長距離砲を装備したヘクトルばかり、山の様に押し寄せてくる。味方の迎撃部隊も長距離兵器が中心になる中。ストームは、狙撃を秀爺のイプシロンに。高空戦力をバゼラートの谷山に任せて。

 

後は近接戦を挑んでいた。

 

ただし、矢島だけは高高度強襲ミサイルを装備させて、後方支援だ。フェンサースーツでの機動戦前提の装備が整うまでは、こうして固定砲台になってもらうしかない。シミュレーションでガリア砲も扱わせたが、此方も命中率が高いとは言いがたい。

 

念のため、もう一つ装備も渡してある。

 

ディスラプター。

 

フェンサー用に開発改良された、一種の近接戦闘用決戦兵器。レンジャーのフュージョンブラスターに等しい運用を想定された武器である。いざというときは、接近した敵をこれで焼き払え。

 

そう矢島には指示してある。

 

実際の破壊力はそうフュージョンブラスターに劣るものではなく、継戦能力こそないが、ヘクトルだったら簡単になぎ倒せる。

 

矢島の放つミサイルが、次々ヘクトルに着弾するのを横目に、私はスラスターをふかして横移動。

 

ガトリングをぶち込みつつ、時々ガリア砲を入れる。

 

弟は近くの倉庫の屋上に陣取って、其処からライサンダーでの狙撃を継続。側には、エミリーもいて、MONSTERでの狙撃を行って貰う。

 

敵を効果的に削り続けていた。

 

今回、ベガルタは後方待機。いざというとき、前線に乱入してきたヘクトルと戦って貰う。

 

逆にグレイプRZは、涼川を乗せて、彼方此方を疾走。

 

涼川は楽しそうにスタンピートで、至近距離からヘクトルを爆破して廻っていた。勿論ヘクトルからの反撃も山の様に飛んできているけれど。見事なドライビングテクニックで、全てかわしている。

 

池口に任せておいて、正解だったか。

 

中距離には、ジョンソンと新人達が位置して、主にスティングレイで攻撃を続けている。

 

戦況は順調に推移。

 

ストームだけでは、これだけの大群を抑えきれない。
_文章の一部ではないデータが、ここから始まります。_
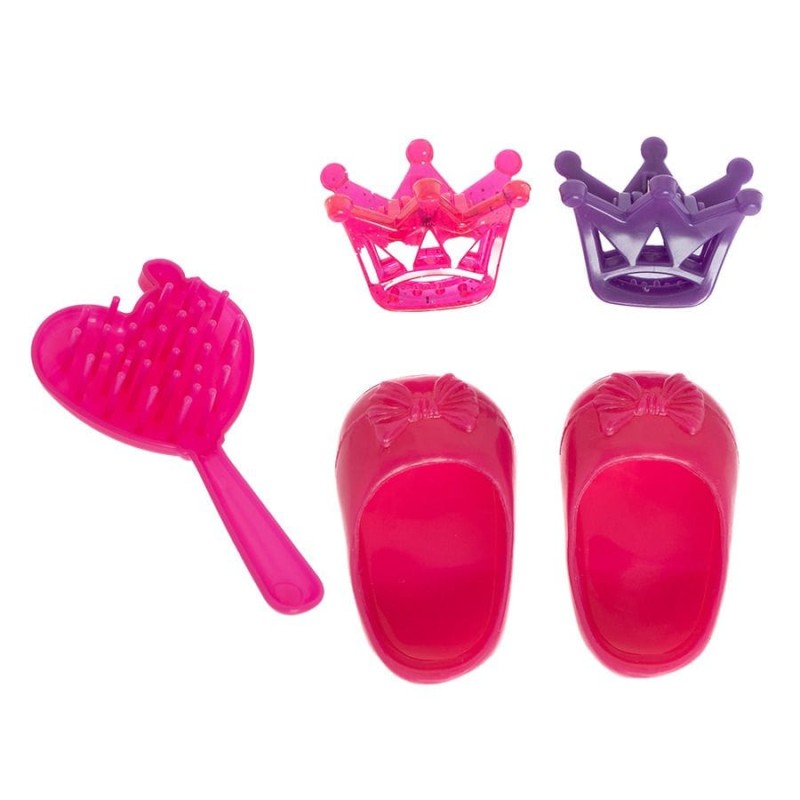 • К кукле прилагаются аксессуары: заколки, щетка и туфли.
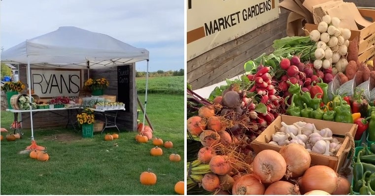Tại Ryan’s Market Gardens, chúng tôi trồng và bán các sản phẩm mới thu hoạch, không có hóa chất và có thể sản xuất tại địa phương. Chúng tôi bán các loại rau và hoa trong một gian hàng trong trang trại, cho các nhà hàng địa phương, và qua hình thức đăng ký giỏ rau hàng tuần.
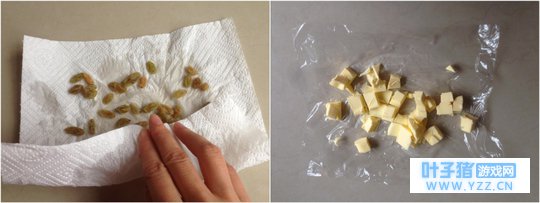 步骤: 1、 葡萄干提前用热水泡软后,再用厨房纸巾吸干水分。 2、 黄油切成小粒状,室温放软。
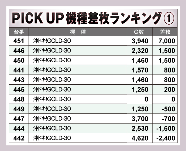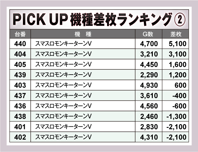 続いては、当日とくに盛り上がっていた2機種を紹介。まず「沖ドキ!GOLD-30」は、ピックアップした11台のうち6台がプラス終了しており、そのうち3台が4ケタオーバーをマーク! 続いて「スマスロモンキーターンV」は半数の5/10台がプラス終了で、そのうち4台が4ケタオーバーとこちらも素晴らしい成績を残していた!
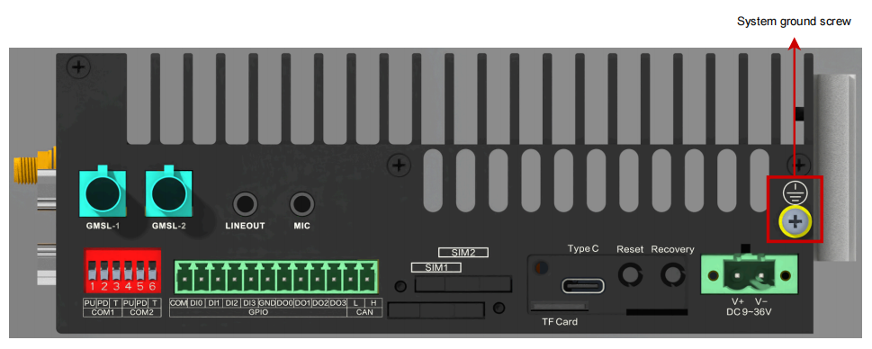 There is 1 system grounding screw on the right panel of the equipment, please use a green-yellow grounding wire (16AWG) and ground it with the system grounding screw.
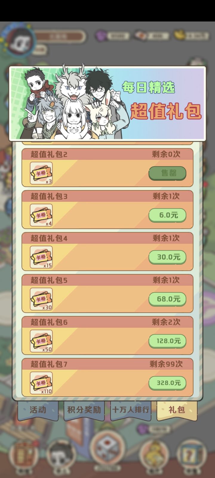 氪金方面 这个头像礼包好像是我18块纯头像什么作用都没有,建议不要买,还有其他的超值礼包也是离谱没必要去买,想要排行榜第一的就每天都把可以元宝买到的买了,攒起来全拿去抽就行,这个买完不会消失下次可以接着用

味方の支援部隊が、かなりの数いる事が大きい。

 

間もなく、四割ほどの戦力を喪失したヘクトルの部隊は、撤退を開始。

 

味方もそれなりの被害を出しており、追撃の余裕は無かった。後は海上に展開している第五艦隊に任せる。

 

敵の撤退と同時に、秀爺から連絡が来た。

 

「イプシロンに被弾。 幸い此方は無事だが、次の戦いまでに修理が間に合うかはわからん」

 

「分かった。 無事で何よりだ」

 

「此方も被弾」

 

谷山からだ。

 

見ると、バゼラートが火を噴いている。着地はしたが、かなり手酷い打撃を受けていた。谷山ほどの名手でも、失敗することがあるのか。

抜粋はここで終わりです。